Executo as peças, mexo com tecido, telas e tintas. Faço lindas telas. Escrevo,
tenho mais ideias. Criei um blog, e ele virou um novo emprego. Escrevi para
marcas, e aprendi a valorizar meu trabalho. Lido diariamente com os mais
variados clientes. Faço um monte de amizades e vou me metendo em mais projetos.
Decidi que quero cantar, e voltei a ser coralista. Não tenho medo de novidade.
E me permito mudar de ideia sempre que quiser.
APRENDI A DIZER NÃO = Seja para um cliente que
quer meu serviço a preço de banana ou para um parente aflito que precisa de
atenção em um momento em que eu não estou disponível, eu hoje sei dizer não.
Não mesmo, sem culpa. Eu entendo meus limites. Sei até onde posso ir para não
sacrificar o meu self em função do interesse alheio, no caso de um bebê
querendo ver a máquina de lavar roupa enquanto eu mando um email importante.

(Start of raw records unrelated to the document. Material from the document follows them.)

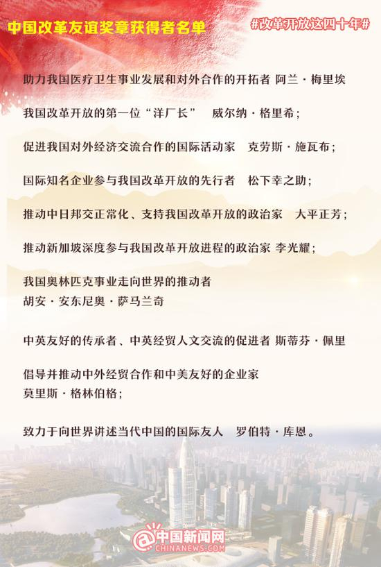 在国内的100人之外,为感谢国际社会对中国改革开放事业的支持和帮助,党中央、国务院还决定,向阿兰·梅里埃等10名国际友人颁授中国改革友谊奖章。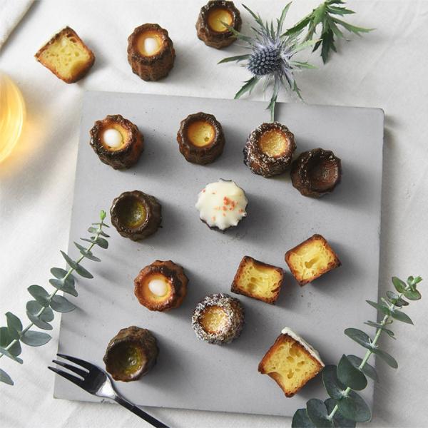 ちょこんと小さなカヌレを詰めたアソートBOX。こちらは大阪のクリエイティブ集団「graf(グラフ)」の実店舗にある「graf kitchen」で大人気のもの。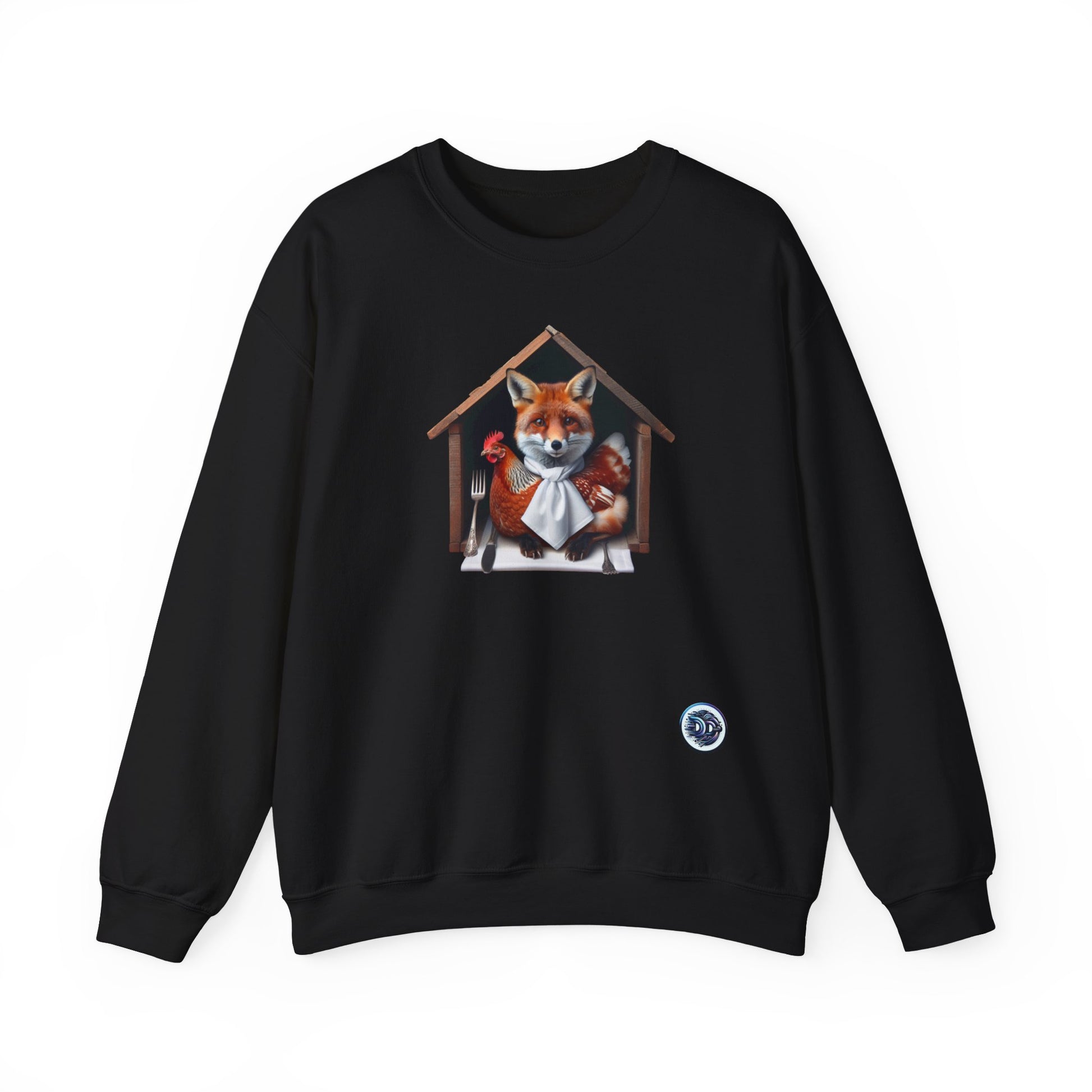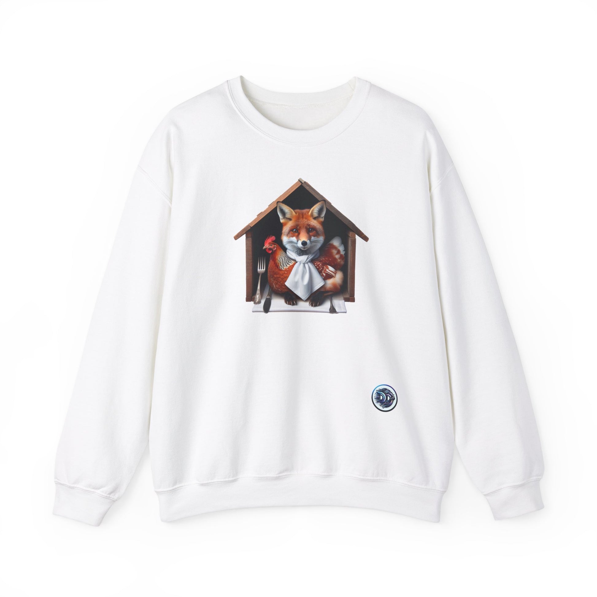 Introducing our cozy crewneck featuring a mischievous red fox in a hen house, complete with a napkin and utensils. Perfect blend of comfort and style. #Crewneck #RedFox #HenHouse #CozyStyle #AnimalPrint #KnifeAndFork #ComfyClothing #UniqueDesign #StatementPiece #EcoFriendlyFashion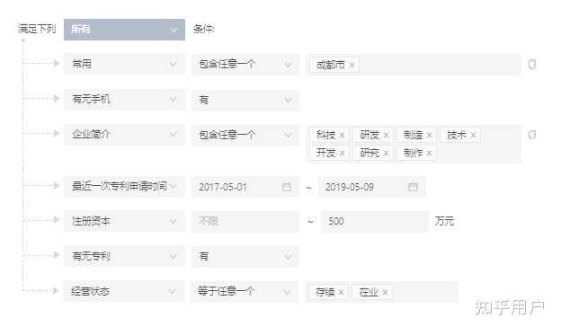 举个例子,咱们是做知识产权服务的,那要找有发明专利申请需求的企业。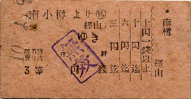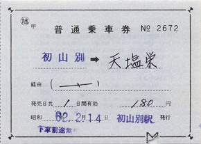 (上図例) 仮に、深名線蕗ノ台駅を発駅と考えた場合、昭和39年当時、羽幌線力昼駅までは2等で運賃500円以内だが、1つ先の古丹別では500円を超えてしまうため、甲片が使えるように切断位置を右にずらせば、乙片に不備が生じる。逆に、乙片に矛盾が出ないよう「500円まで」の位置で切断すれば、甲片に不備が生じるため、どちらにしても不正は難しくなる。だからといって、乙片の着駅を古丹別と同じ「1000円まで」の駅に書き換えれば矛盾はなくなるが、駅に納める運賃も増えてしまうので、結果として"不正な利益の幅"はそれ程変わらない*1)ことになる。確かに、この方法でも不正を完全に封じることはできないが、実際には近駅の多くが既に常備式・準常備式で設備されているはずなので、乙片に記入する運賃の安い「補片」対象駅(ダミー)を探すのも容易ではなさそうだ。しかし、「運賃を少しだけごまかして記入したり、断線間の曖昧な部分で斜めに切断する」といった"合わせ技"も考えられるので、なかなか一筋縄ではいかないのも事実。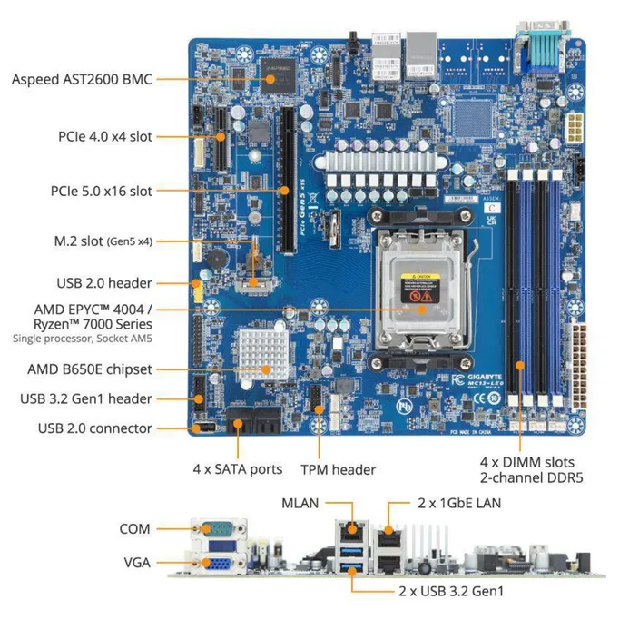 Gigabyte MC13-LE0 mATX Mainboard Workstation EPYC 4004 Sockel AM5

Ele grita, eu digo não e aguento. Não é não. Ou no caso do cliente que se
surpreende com um orçamento ou envia propostas indecentes. Sim, eu preciso de
trabalho. Não, eu não trabalho por menos do que mereço. Guardo os repentes de
caridade para quem precisa: os necessitados. Não para quem tem dinheiro.

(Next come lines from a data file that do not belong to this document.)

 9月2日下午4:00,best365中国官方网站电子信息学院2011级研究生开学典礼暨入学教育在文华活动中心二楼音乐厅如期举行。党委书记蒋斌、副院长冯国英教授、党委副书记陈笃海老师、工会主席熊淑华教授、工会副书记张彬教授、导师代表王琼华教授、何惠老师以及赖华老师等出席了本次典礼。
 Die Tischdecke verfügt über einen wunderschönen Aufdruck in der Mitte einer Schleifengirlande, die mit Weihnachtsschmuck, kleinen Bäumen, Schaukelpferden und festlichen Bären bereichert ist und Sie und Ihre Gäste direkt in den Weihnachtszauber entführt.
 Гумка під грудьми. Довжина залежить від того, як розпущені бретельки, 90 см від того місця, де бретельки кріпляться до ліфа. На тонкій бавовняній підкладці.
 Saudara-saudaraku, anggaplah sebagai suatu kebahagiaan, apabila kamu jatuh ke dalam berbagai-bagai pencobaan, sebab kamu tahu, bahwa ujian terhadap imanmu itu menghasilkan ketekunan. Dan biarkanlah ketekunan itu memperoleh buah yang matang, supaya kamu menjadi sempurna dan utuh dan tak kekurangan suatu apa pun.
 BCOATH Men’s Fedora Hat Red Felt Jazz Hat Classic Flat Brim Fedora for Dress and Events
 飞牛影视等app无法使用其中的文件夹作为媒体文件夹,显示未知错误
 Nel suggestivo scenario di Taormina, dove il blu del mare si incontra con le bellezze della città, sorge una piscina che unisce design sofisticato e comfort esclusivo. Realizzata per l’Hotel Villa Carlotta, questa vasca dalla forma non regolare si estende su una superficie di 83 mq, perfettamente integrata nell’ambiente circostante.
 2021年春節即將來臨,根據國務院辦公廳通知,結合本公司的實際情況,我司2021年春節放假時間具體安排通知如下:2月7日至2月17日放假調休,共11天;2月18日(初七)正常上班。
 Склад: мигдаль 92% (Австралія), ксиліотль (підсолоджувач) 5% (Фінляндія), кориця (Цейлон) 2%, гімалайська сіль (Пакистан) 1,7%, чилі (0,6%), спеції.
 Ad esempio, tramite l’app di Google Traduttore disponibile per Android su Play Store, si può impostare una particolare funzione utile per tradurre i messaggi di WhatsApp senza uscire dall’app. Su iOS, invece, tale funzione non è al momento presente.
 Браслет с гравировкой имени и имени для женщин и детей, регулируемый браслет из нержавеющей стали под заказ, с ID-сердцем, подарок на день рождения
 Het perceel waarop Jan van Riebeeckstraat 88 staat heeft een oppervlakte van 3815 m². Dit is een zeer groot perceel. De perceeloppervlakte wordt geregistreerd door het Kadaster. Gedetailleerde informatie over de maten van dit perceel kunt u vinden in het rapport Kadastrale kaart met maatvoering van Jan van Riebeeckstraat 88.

VIREI BLOGUEIRA = Escrever no blog me faz
refletir profundamente sobre meus rumos, e com isso avalio melhor os passos, me
entendo mais. É auto conhecimento puro, sem contar a maravilha que é fazer
parte da sociedade anônima (nem tanto) das mães blogueiras desesperadas. Seres
capazes de mudar o mundo, e ainda tão mal interpretados. Sempre digo que esse
blog me abriu porteiras, não portas. Eu que me surpreendia a cada vez que
ampliava meu mundo – de uma escola para o mundo corporativo, para a
maternidade, para a autonomia – não imaginava que existia um outro universo
paralelo, no mundo dos bits e bytes, capaz de me ensinar tanto. E fora isso, eu
sinto que tenho voz. Eu gosto de ter voz.